-- Records supplied follows --

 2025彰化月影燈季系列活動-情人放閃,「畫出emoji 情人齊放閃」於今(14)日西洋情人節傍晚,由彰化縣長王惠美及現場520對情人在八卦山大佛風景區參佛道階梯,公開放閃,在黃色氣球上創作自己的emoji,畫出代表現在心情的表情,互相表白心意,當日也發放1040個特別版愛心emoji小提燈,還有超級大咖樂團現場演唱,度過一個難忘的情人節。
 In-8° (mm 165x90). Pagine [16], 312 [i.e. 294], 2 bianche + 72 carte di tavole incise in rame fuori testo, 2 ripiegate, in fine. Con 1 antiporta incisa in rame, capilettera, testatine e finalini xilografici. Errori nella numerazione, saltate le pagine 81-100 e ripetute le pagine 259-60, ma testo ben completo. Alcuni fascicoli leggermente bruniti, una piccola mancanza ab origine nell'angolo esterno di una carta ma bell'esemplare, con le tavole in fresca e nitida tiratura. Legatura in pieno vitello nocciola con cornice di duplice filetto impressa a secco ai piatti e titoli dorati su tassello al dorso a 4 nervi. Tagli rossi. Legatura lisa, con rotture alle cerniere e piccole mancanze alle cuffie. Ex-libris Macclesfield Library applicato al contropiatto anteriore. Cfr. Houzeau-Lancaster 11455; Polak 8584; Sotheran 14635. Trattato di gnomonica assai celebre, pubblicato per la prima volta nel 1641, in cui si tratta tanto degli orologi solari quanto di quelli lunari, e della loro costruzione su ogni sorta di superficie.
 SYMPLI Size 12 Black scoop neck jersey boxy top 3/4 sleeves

-- Records supplied concluded --
-- Records supplied follows --

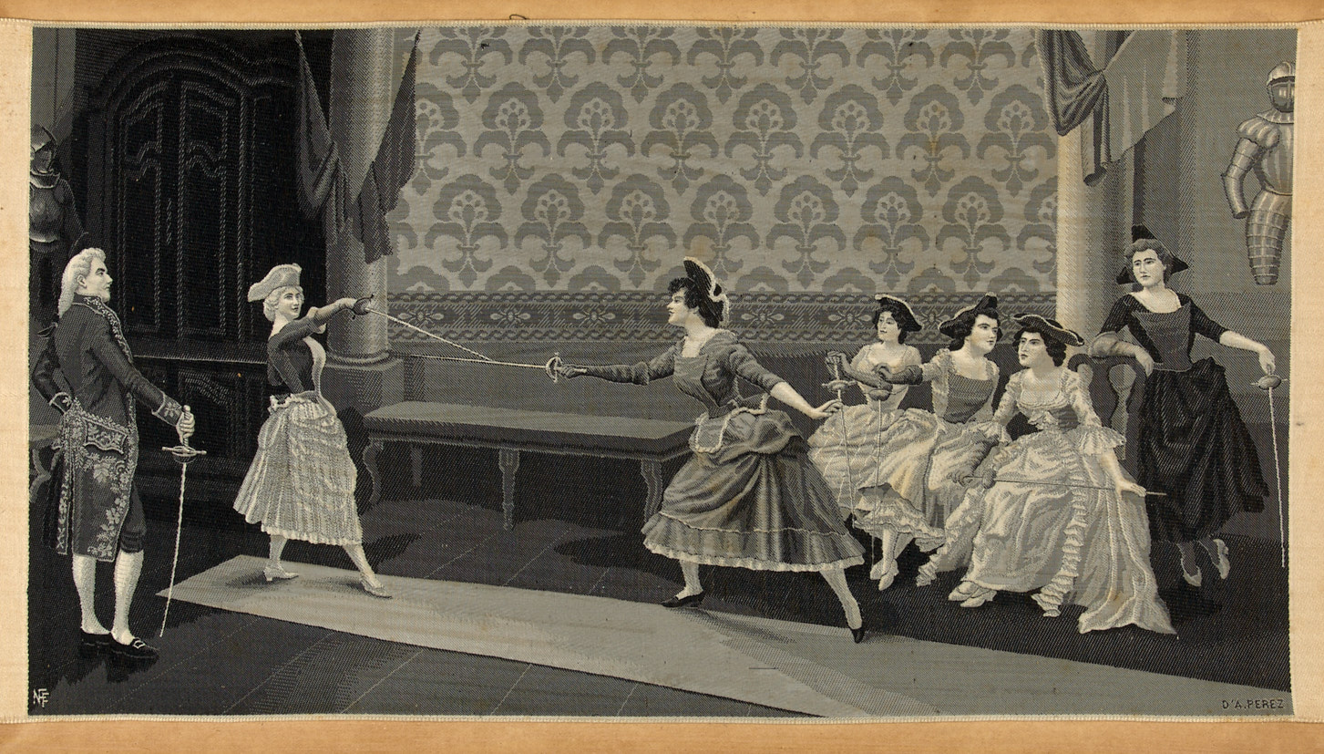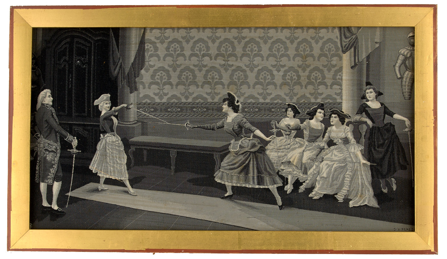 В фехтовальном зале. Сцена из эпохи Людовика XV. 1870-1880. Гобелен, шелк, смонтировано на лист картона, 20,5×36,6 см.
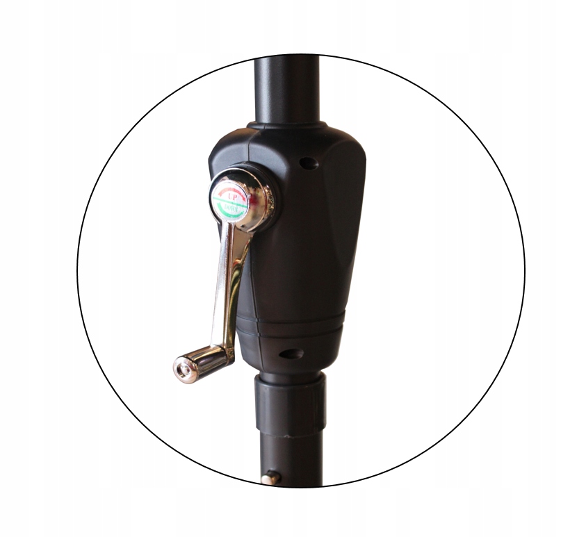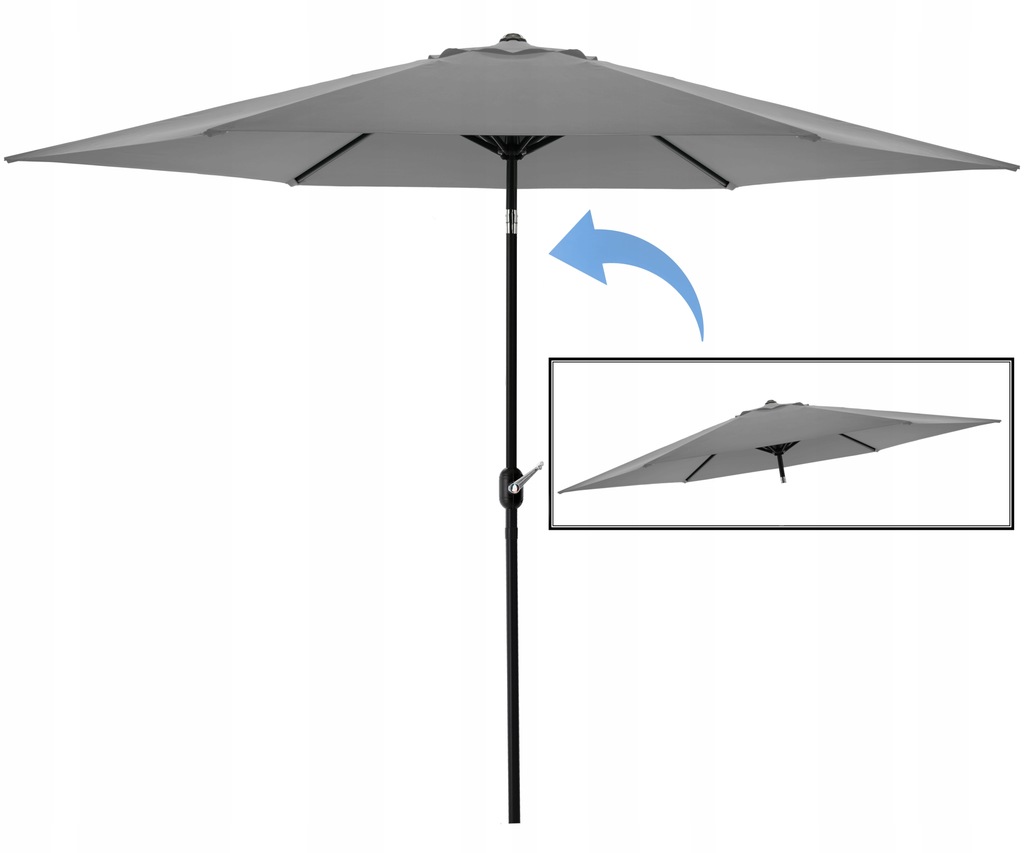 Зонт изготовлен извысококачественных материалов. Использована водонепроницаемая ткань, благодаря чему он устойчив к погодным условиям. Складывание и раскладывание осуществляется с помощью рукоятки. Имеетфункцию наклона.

-- Records supplied concluded --

The problem - Output exactly, and only, the lines of the entries above from the one with "В фехтовальном зале." up to and including the one with "Зонт изготовлен извысококачественных"; pictures are to be left out.

Exercise solution -
 В фехтовальном зале. Сцена из эпохи Людовика XV. 1870-1880. Гобелен, шелк, смонтировано на лист картона, 20,5×36,6 см.
 Зонт изготовлен извысококачественных материалов. Использована водонепроницаемая ткань, благодаря чему он устойчив к погодным условиям. Складывание и раскладывание осуществляется с помощью рукоятки. Имеетфункцию наклона.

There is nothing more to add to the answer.